Davide e Golia

Temperanza e coraggio: sono queste le virtù che hanno fatto dell’Eibar il Davide che è oggi. Il Golia che deve affrontare è soprannominato economia. Abbiamo iniziato questo nostro percorso osservando, con occhio critico, come il mondo del pallone sia sempre più stritolato dalle catene di un sistema produttivo, diventato il carburante ad alto consumo che muove l’intera macchina. Dopo aver analizzato il Southampton, primo esponente di questo giovane movimento rivoluzionario che combatte contro le dinamiche economiche a tratti scellerate, rivolgiamo lo sguardo in Spagna per studiare, con gran stupore, la realtà basca dell’Eibar, neo promossa nella Primera division spagnola e che ad oggi occupa la nona posizione in campionato.
La battaglia decisiva
Il tutto inizia nel periodo d’avvento di questa stagione, quando l’Eibar si imbatte nelle leggi economiche della liga: le squadre neopromesse nel massimo campionato spagnolo devono avere un capitale di almeno il 25% delle spese medie di tutte le altre squadre del torneo; dal calcolo vengono sottratte le due più ricche (Real Madrid-Barcellona) e le due meno.

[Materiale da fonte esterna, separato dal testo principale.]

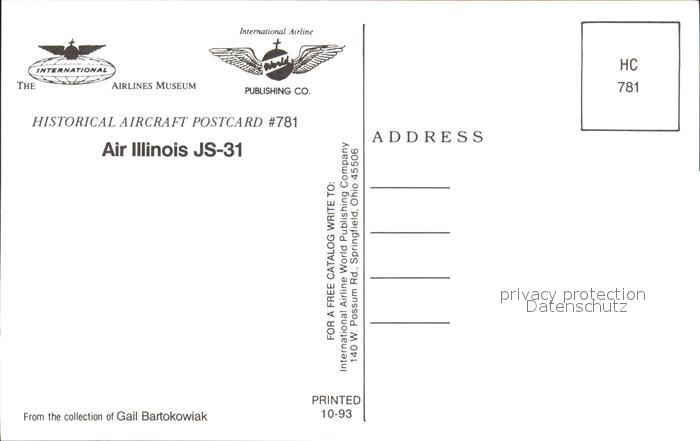 Flugzeuge Zivil Air Illinois JS-31 postalisch nicht gelaufen Erhaltung siehe scans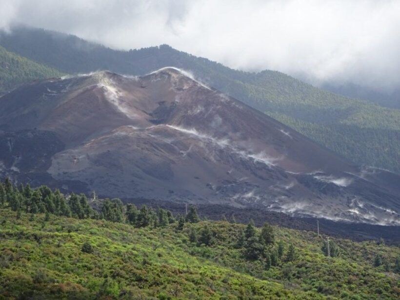 Der Vulkan Tajogaite Ende März 2026 – auch Jahre nach dem Ausbruch ist die Landschaft weiterhin stark verändert.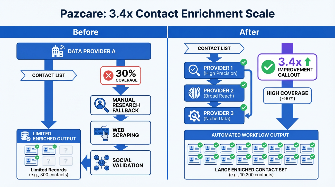 Abstract accuracy numbers are useful, but real outcomes are more convincing. The story of how Pazcare scaled contact enrichment is a direct example of what happens when a growth team replaces single-source enrichment with a waterfall approach.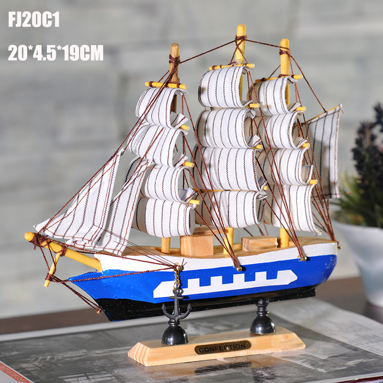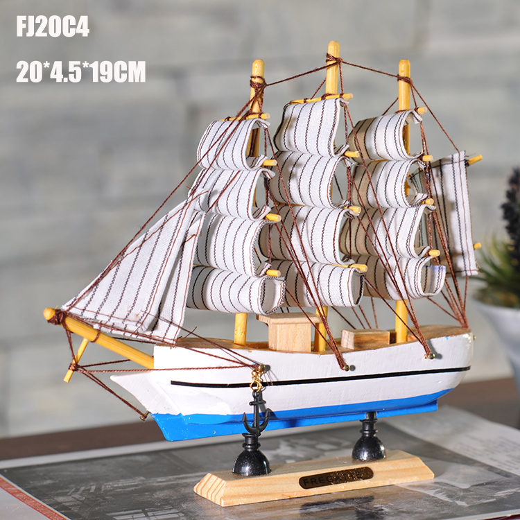 Wooden sailboat model decoration Mediterranean living room home decoration smooth sailing craft handmade boat 20-24CM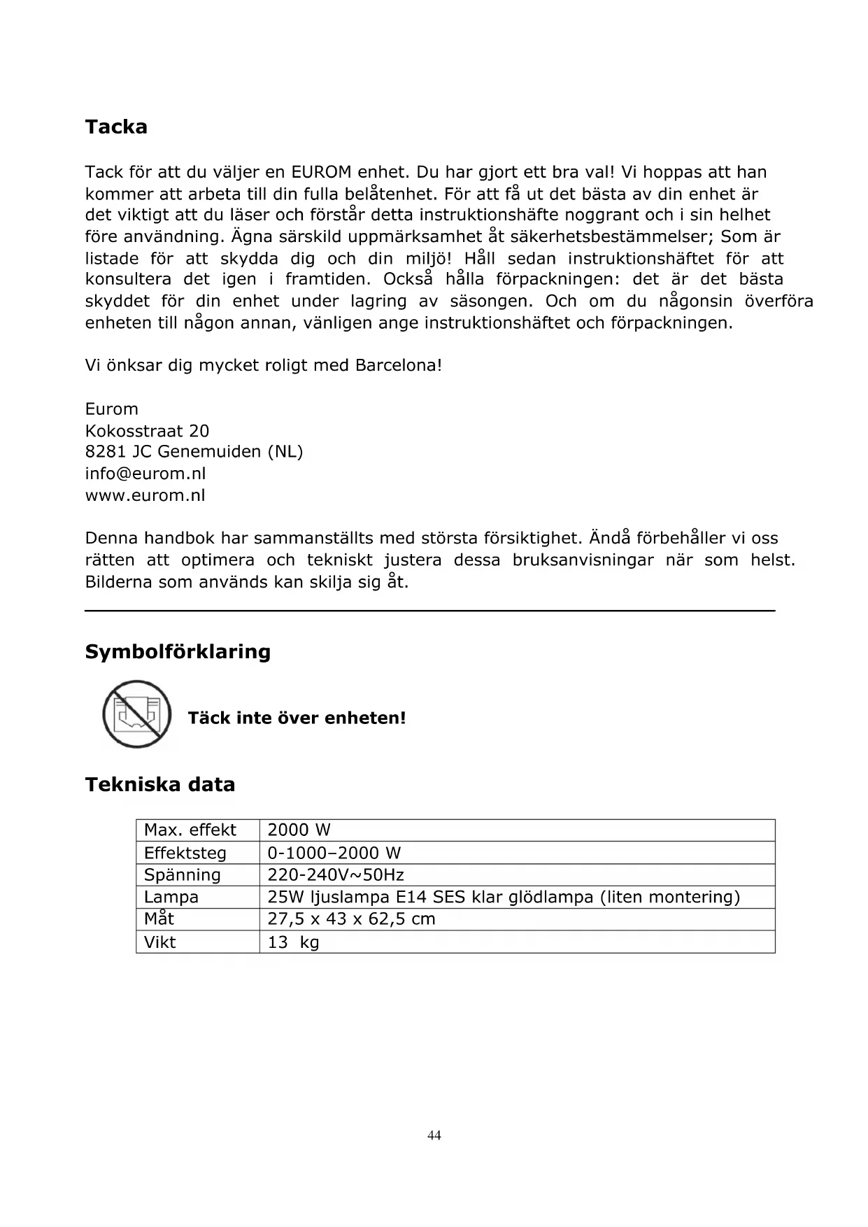 Tacka Tack för att du väljer en EUROM enhet. Du har gjort ett bra val! Vi hoppas att han kommer att arbeta till din fulla belåtenhet. För att få ut det bästa av din enhet är det viktigt att du läser och förstår detta instruktionshäfte noggrant och i sin helhet före användning. Ägna särskild uppmärksamhet åt säkerhetsbestämmelser; Som är listade för att skydda dig och din miljö! Håll sedan instruktionshäftet för att konsultera det igen i framtiden. Också hålla förpackningen: det är det bästa skyddet för din enhet under lagring av säsongen. Och om du någonsin överföra enheten till någon annan, vänligen ange instruktionshäftet och förpackningen. Vi önksar dig mycket roligt med Barcelona! Eurom Kokosstraat 20 8281 JC Genemuiden (NL) info@eurom.nl www.eurom.nl Denna handbok har sammanställts med största försiktighet. Ändå förbehåller vi oss rätten att optimera och tekniskt justera dessa bruksanvisningar när som helst. Bilderna som används kan skilja sig åt.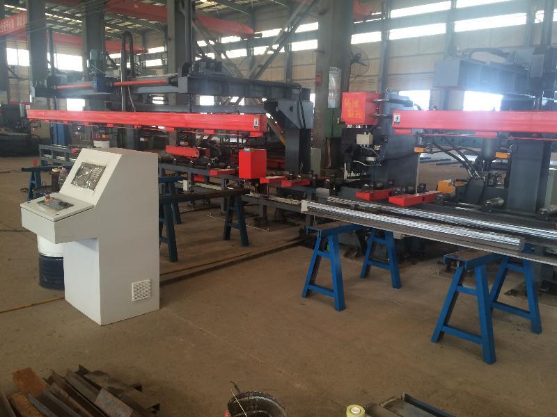 數控板材自動沖孔生產線 數控板材自動沖孔生產線 用途:此設備為組合設備。由帶料送料機、液壓沖壓主機、自動上下料裝置等組成,形成沖壓生產線,加工長條帶料。電氣部分采用送進伺服電機及驅動部件,配置控制系統及操作臺。一、技術參數1、產品基本參數 1)工件尺寸(長度):1500-8000mm2)工件厚度:3)工件寬度:8-20mm50-300mm4)機床公稱力:1200 KN5)模位數量:2 個6)夾鉗

Se quindi l’Eibar non avesse rispettato il diktak di avere un capitale minimo di 2,5 mln di euro, sarebbe retrocesso. Partendo da un budget di 420 mila euro, non è stato facile per l’Eibar trovare i restanti 2 milioni. In questi casi l’ipotesi più facile e veloce è di appelarsi a qualche ricco uomo d’affari, che divenendo il proprietario della società investe il denaro. Ma l’Eibar è sempre stato contro queste evoluzioni economiche e per questo ha intrapreso la via della vendita delle azioni legate al club. La somma è stata raggiunta entro i tempi richiesti ed il movimento dei liberi azionisti ha permesso alla favola basca di continuare. Secondo alcune voci, i giocatori Xabi Alonso e Illaramendi, entrambi di natali baschi, hanno partecipato economicamente all’impresa.
Attualmente il valore della rosa dell’Eibar si aggira intorno ai 25 mln di euro (fonte transfermarket), ed è stata sicuramente controcorrente la campagna acquisti estiva, che ha visto la società spendere in totale 162 mila euro, decidendo di costruire il team su un sistema di prestiti. Il campo parla chiaro, scegliendo la via del basso consumo l’Eibar sta comunque ottendendo ottimi risultati.
Le virtù
Ci vuole coraggio per credere in queste idee, soprattutto nel calcio dove vige la fede del più spendi più vinci, e senza la temperanza, quindi la ricerca della giusta misura e dell’equilibrio del soddisfacimento dei bisogni, l’Eibar non avrebbe mai compiuto questa piccola grande impresa. Mi soffermerei sul soddisfacimento dei bisogni, perchè è tanto chiaro quanto terribile che nell’epoca attuale senza le cascate di milioni i trofei che più contano sono irraggiungibili. Attualmente l’Eibar è ancora una piccola società che, ambizione permettendo, non mira ad alzare trofei, almeno in tempi brevi: gioca per la passione, perchè solo la passione, quella più profonda e vera, può spingerti a non giocare per il denaro. Il bisogno di ricchezza è ammaestrato e forse proprio per questo la sua filosofia del calcio merita davvero di essere diffusa, affinchè il movimento rivoluzionario possa diffondersi.